* [What the exercise asks]
The entries below hold a line with "LOT 109 Oil" and a line with "WIDEODOMOFON Akuvox R20A". Return those lines and all that lie between them, exactly and only.

* [Task input]
=== Begin Enclosure ===
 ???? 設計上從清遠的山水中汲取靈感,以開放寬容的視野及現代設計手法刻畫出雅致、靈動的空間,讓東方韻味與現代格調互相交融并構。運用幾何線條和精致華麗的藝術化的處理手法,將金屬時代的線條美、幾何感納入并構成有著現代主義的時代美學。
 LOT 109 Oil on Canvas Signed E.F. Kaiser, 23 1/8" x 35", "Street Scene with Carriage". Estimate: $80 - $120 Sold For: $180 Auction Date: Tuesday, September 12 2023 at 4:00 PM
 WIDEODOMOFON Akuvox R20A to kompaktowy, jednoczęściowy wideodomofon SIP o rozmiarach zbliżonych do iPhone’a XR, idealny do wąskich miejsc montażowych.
=== End Enclosure ===
=== Begin Enclosure ===
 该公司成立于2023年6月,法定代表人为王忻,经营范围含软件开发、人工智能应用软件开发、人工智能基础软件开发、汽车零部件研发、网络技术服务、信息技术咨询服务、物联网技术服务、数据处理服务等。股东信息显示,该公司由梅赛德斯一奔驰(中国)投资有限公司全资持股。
=== End Enclosure ===
=== Begin Enclosure ===
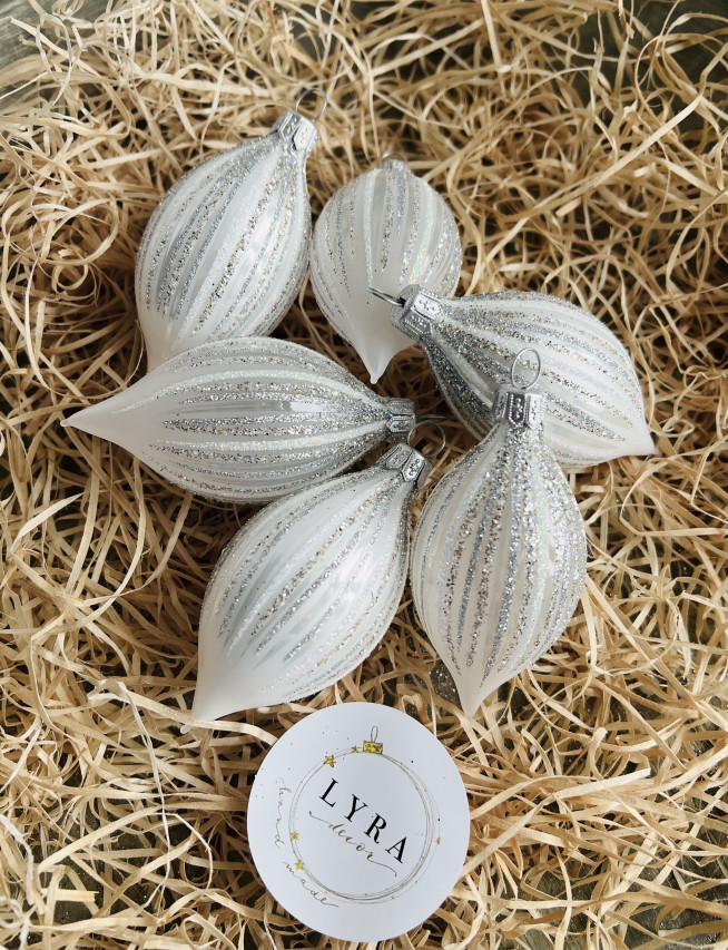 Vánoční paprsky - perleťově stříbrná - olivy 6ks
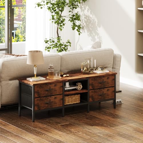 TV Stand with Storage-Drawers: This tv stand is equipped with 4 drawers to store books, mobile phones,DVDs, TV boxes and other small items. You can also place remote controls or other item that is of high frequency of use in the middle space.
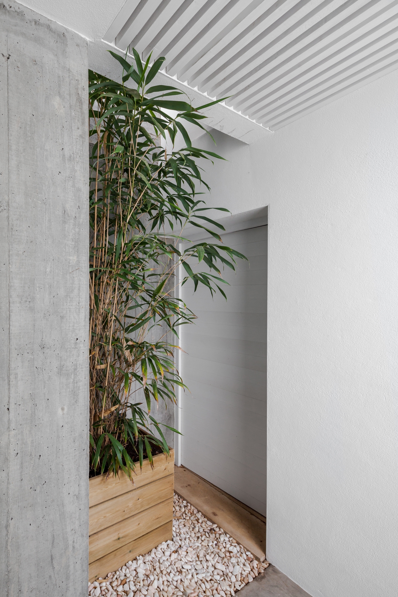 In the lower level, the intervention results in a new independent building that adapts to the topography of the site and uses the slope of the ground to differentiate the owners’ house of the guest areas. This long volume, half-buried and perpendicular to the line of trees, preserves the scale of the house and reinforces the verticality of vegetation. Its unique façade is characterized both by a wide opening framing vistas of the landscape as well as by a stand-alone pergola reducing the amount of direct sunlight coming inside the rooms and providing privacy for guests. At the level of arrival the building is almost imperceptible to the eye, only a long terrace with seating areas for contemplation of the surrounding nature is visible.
=== End Enclosure ===
* [Exercise result]
 LOT 109 Oil on Canvas Signed E.F. Kaiser, 23 1/8" x 35", "Street Scene with Carriage". Estimate: $80 - $120 Sold For: $180 Auction Date: Tuesday, September 12 2023 at 4:00 PM
 WIDEODOMOFON Akuvox R20A to kompaktowy, jednoczęściowy wideodomofon SIP o rozmiarach zbliżonych do iPhone’a XR, idealny do wąskich miejsc montażowych.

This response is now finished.